The input:
- - -

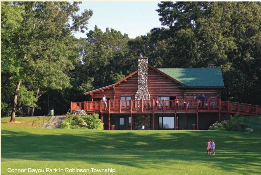
Connor Bayou Park in Robinson Township

ment for the past 20 years. Its goal: protecting thousands of acres of natural lands, creating green infrastructure, developing new recreational opportunities and connecting communities.
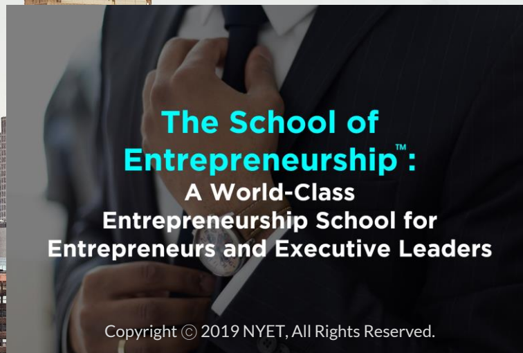
The School of Entrepreneurship ™ : A World-Class Entrepreneurship School for Entrepreneurs and Executive Leaders
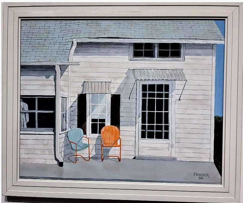
Below is Old Cody Place by George Flenner
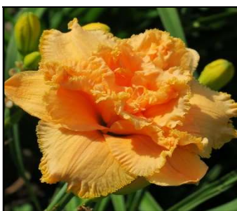
VERA MCFARLAND MEMORIAL 24",Tet,5.75",SEv,EM,Db,Re KINNEBREW-J 2010 $25
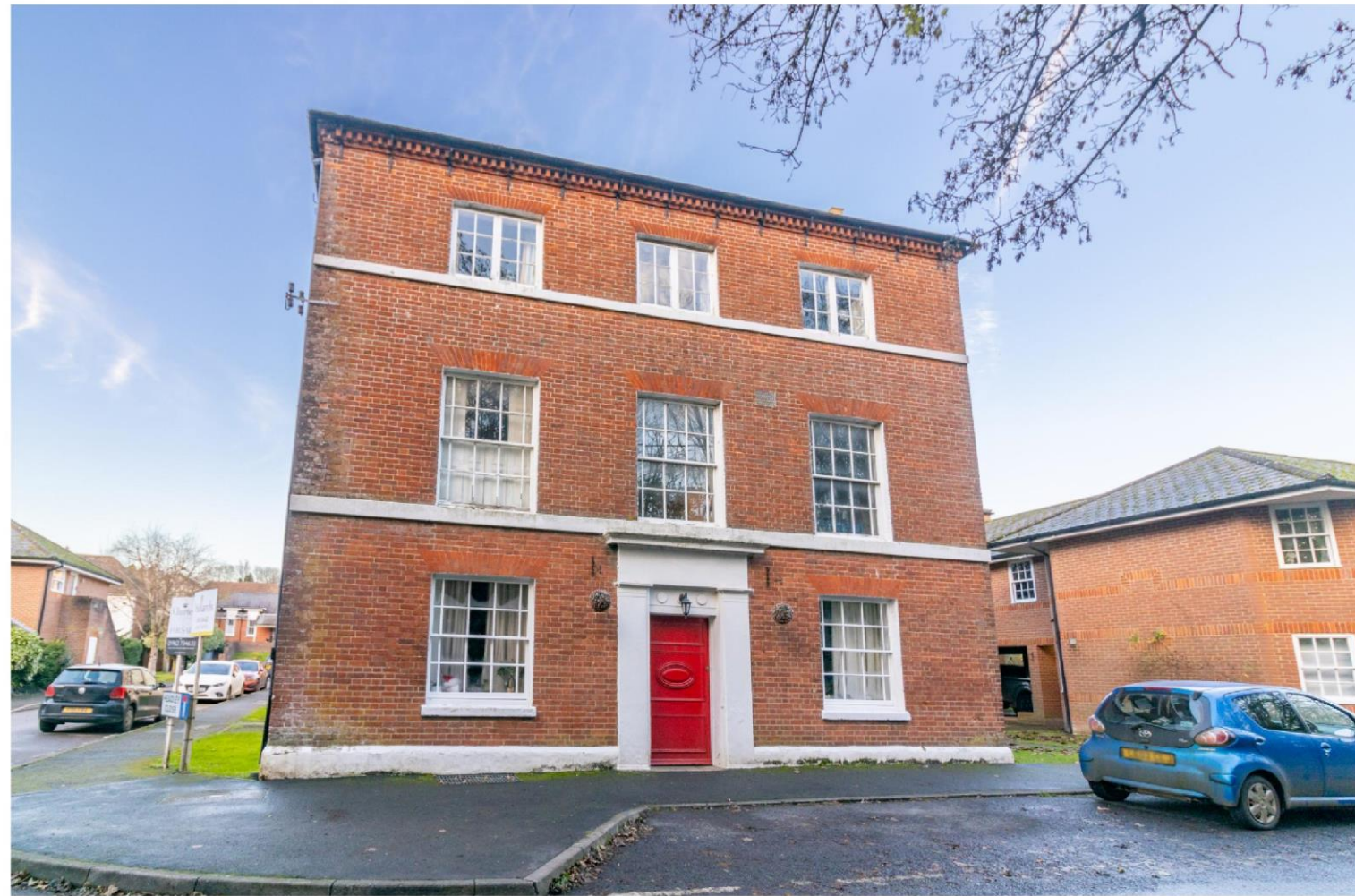
At home in Alresford

- - -

Task description:
An exact copy is needed of the entries above, starting at the line that holds "ment for the" and stopping at the line that holds "The School of", both kept; pictures stay out.

Result of this exercise:
ment for the past 20 years. Its goal: protecting thousands of acres of natural lands, creating green infrastructure, developing new recreational opportunities and connecting communities.
The School of Entrepreneurship ™ : A World-Class Entrepreneurship School for Entrepreneurs and Executive Leaders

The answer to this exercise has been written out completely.